Much ink has been spilt over the high price of CEOs in America. Over the last fifty years, ratio of CEO-to-worker pay has increased by a factor of ten, much of that increase occurring within the last few decades. In 2014, the average American CEO makes 331 times what the average worker does, and 774 times what full-time minimum wage workers make. In fact, many CEOs compensation plans are so generous they can forgo their base salary without making a dent in their finances, saving tons in taxes. But what are we getting for all that money? The answer may be not nearly enough.
In the Red
That’s the word, according to an SSRN study authored by Professors Michael J. Cooper, Huseyin Gulen, and P. Raghavendra Rau. By studying the stock performance of high-paying companies, they found that CEO pay is negatively related to a company’s future stock returns for up to three years. In other words, once a CEO cracks the top 10% of CEO pay, the company can expect an average 8% drop in stock value for the next three years. The effect is stronger for CEOs who receive higher incentive pay relative to their peers.
Commence Destroying Value
The authors of the paper concluded that this pay-to-performance disparity appears to be “driven by high-pay induced CEO overconfidence that leads to shareholder wealth losses from activities such as overinvestment and value-destroying mergers and acquisitions.”
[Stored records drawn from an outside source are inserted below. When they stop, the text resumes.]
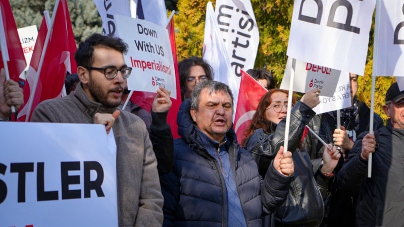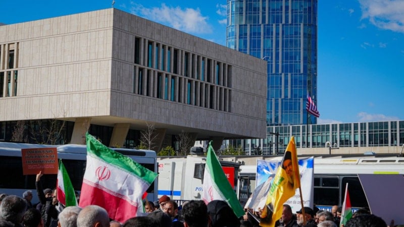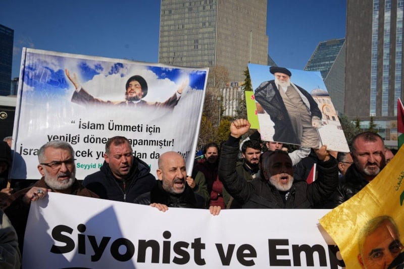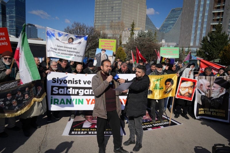 ABD’nin Ankara Büyükelçiliği önünde toplanan kalabalık, İran bayrakları ve Hamaney’in fotoğraflarını taşıdı. Göstericiler, ellerindeki dövizlerde “İslam’ın ve Müslümanların asıl düşmanı emperyalizm ve siyonizmdir” ile “Amerika’nın özgürlük ve demokrasisi katliamdır” yazılı pankartlar bulundurdu.
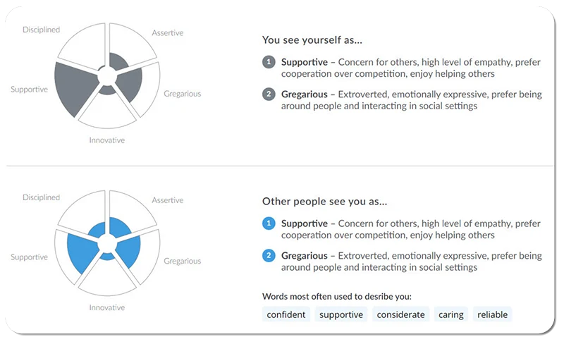 This optional chart shows the participant's interpersonal style in five important areas, with the difference between how they perceive themselves and how others perceive them highlighted.
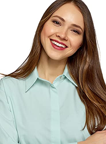 Oodji Ultra Donna Camicia in Cotone con Maniche Lunghe, Verde, M
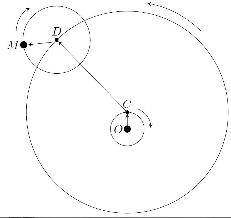 The Moon M is carried on an epicyle with center D. D in turn is carried by a deferent with center C. Finally, the center of the deferent is carried by a small inner circle whose center is the Earth O. The epicycle and inner circle rotate in the opposite direction from the deferent.
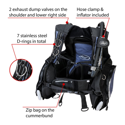 Unleash your underwater potential with our budget-friendly BCDs, perfect for beginners. Designed with all the essentials and available in various sizes for divers of any age. Dive into quality without compromising on price!
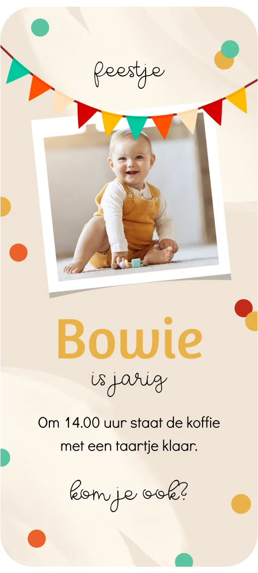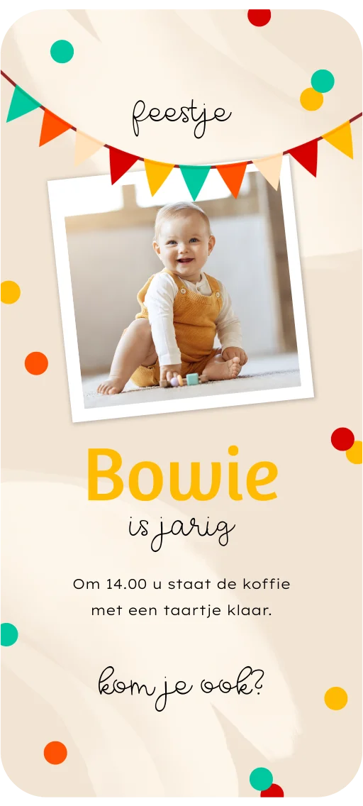 Feestelijke digitale uitnodiging voor een kinderverjaardag. Een leuke digitale uitnodiging voor een eerste verjaardag van je zoon of dochter. Op deze digitale uitnodiging zie je een beige achtergrond met kleurrijke confetti en een vlaggenslinger. Voeg een leuke foto toe van je kleine om de uitnodiging nog wat persoonlijker te maken.

These findings are not unique. Another study published in the peer-reviewed organizational journal Interfaces examined the effects of high CEO pay, and found that “higher pay fails to promote better performance.” Professors J. Scott Armstrong and Phillippe Jacquart, the authors of the study, explain:
“Instead, [higher pay] undermines the intrinsic motivation of executives, inhibits their learning, leads them to ignore other stakeholders, and discourages them from considering the long-term effects of their decisions on stakeholders.” [Emphasis ours.]
The Proven Strategy
Intrinsic motivation, or our internal psychological desire to achieve and accomplish things, has been proven to have much more substantial and predictable motivational effects on people than extrinsic motivators like cash and material goods.
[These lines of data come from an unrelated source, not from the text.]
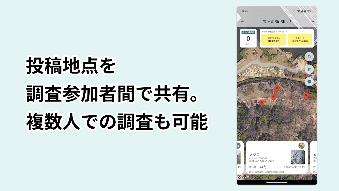 Esta aplicación es "BiomeSurvey", una aplicación especializada en encuestas biológicas. La aplicación de colección de criaturas "Biome", que te permite usar misiones, IA de reconocimiento de nombres, enciclopedia de criaturas, mapas de criaturas, etc., no es esta aplicación.
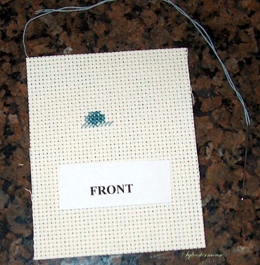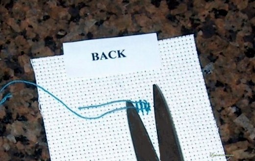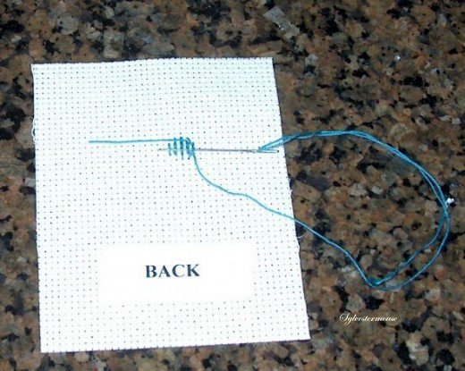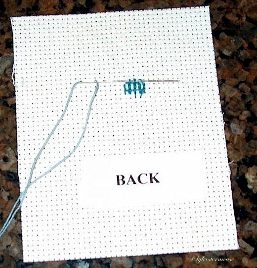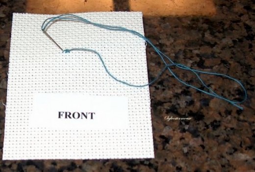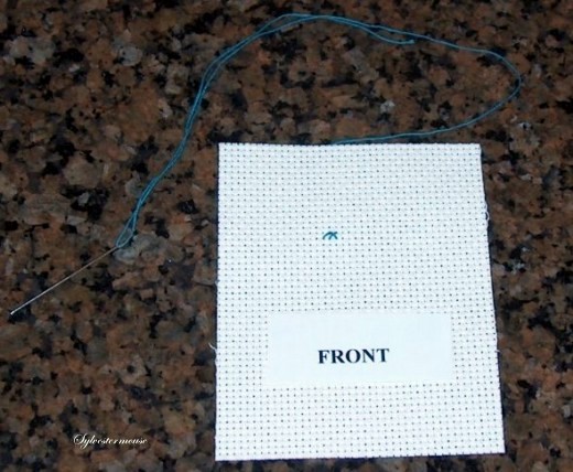 Step 1: Starting your first stitch from the back of the fabric, come up in the desired hole, leaving an inch or more tail in the back. The tail will be tucked behind your finished stitches later so you will not have hanging threads on the back of your finished project.
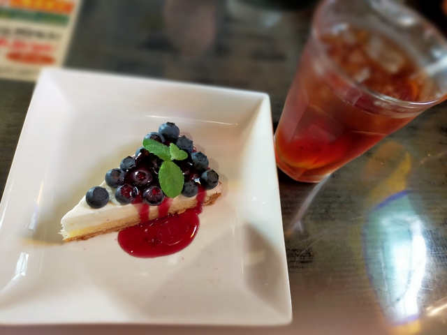 《ピッツァ マルゲリータ》 直径30cmくらいの大きなピッツァでしたが、生地が薄いので軽く食べることができました。 今回はCコースメニューをオーダーしていただきました。 ピッツァの他に、ケーキとソフトドリンクが付いて\1,595(税込)。 ピッツァはパスタに、ケーキはサラダに変更可能です。
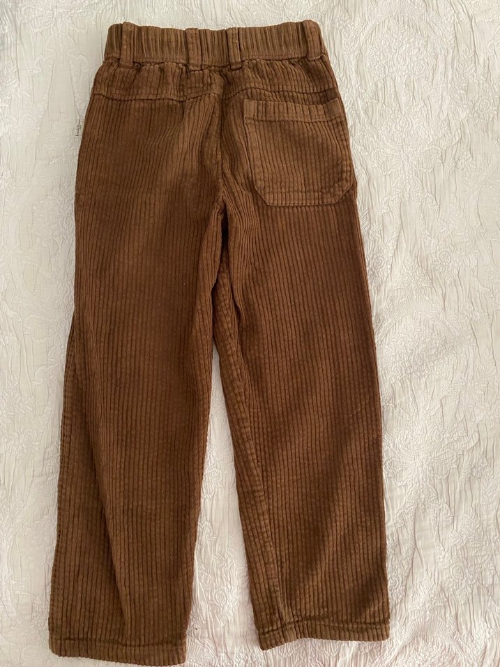 Düğmeli, tek arka cepli kahverengi keten erkek çocuk pantolonu. Rahat kesim, sade ve koyu renkte normcore tarzda.
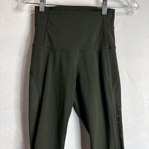 Lululemon Time to Sweat Crop Green Leggings Side Pockets Womens 4 25" Yoga Gym
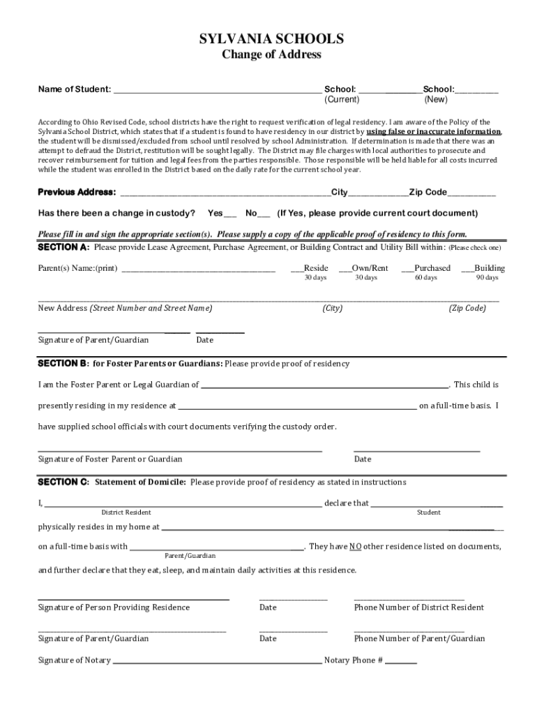 SYLVAN IA SCHOOLS Change of Address Name of Student:School: (Current) School: (New)According to Ohio Revised Code, school districts have the right to request verification of legal residency. I am
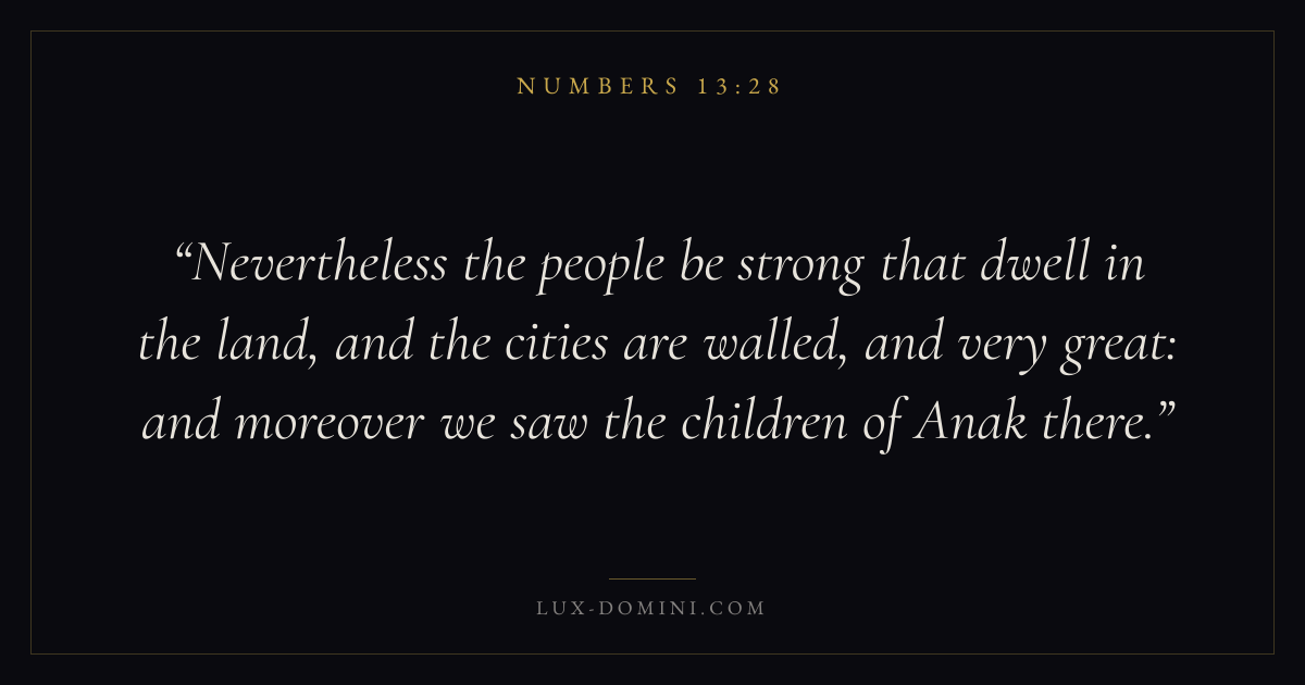 Nevertheless the people be strong that dwell in the land, and the cities are walled, and very great: and moreover we saw the children of Anak there.
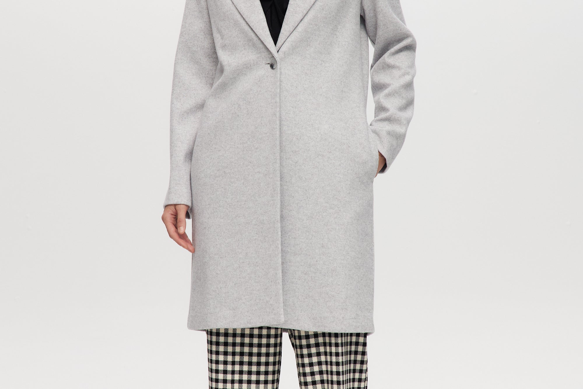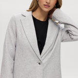 This classic-fit long coat is crafted in a soft wool-like knit blend, offering warmth, structure, and timeless style. Featuring a clean 38" CB length, long sleeves, a center-front button closure, and practical side pockets, it’s designed for polished everyday dressing. Finished with tonal bias inside and marble-effect buttons, it transitions effortlessly from weekday to weekend.
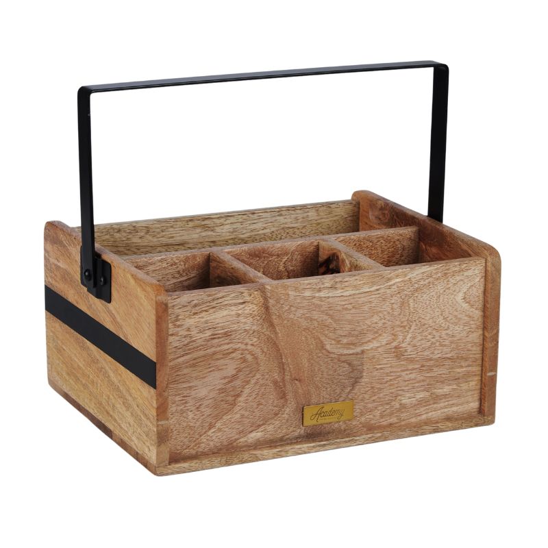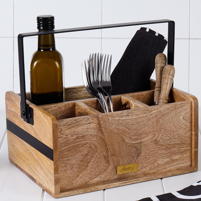 Shippping 1 x Academy Mango Wood Cutlery Condiment Caddy

However, the raw impact of extrinsic rewards like cash make them excellent short-term motivators, and are great for reaching short-term goals, creating the illusion of lasting effectiveness. Organizations only slip up when they start to favor these short-term motivational gains over long-term motivational strategy.
Have a Heart
Employees of all kinds, even CEOs, have a certain expectation of pay based on industry norms, but once those expectations are met, cash as a motivator can only go so far. Too many pay incentives can morph motivation into a transaction, and that’s when you lose a very important part of success: heart. To truly motivate high performance, the effects of pay incentives shouldn’t overshadow the effects of a simple “thank you” in the workplace.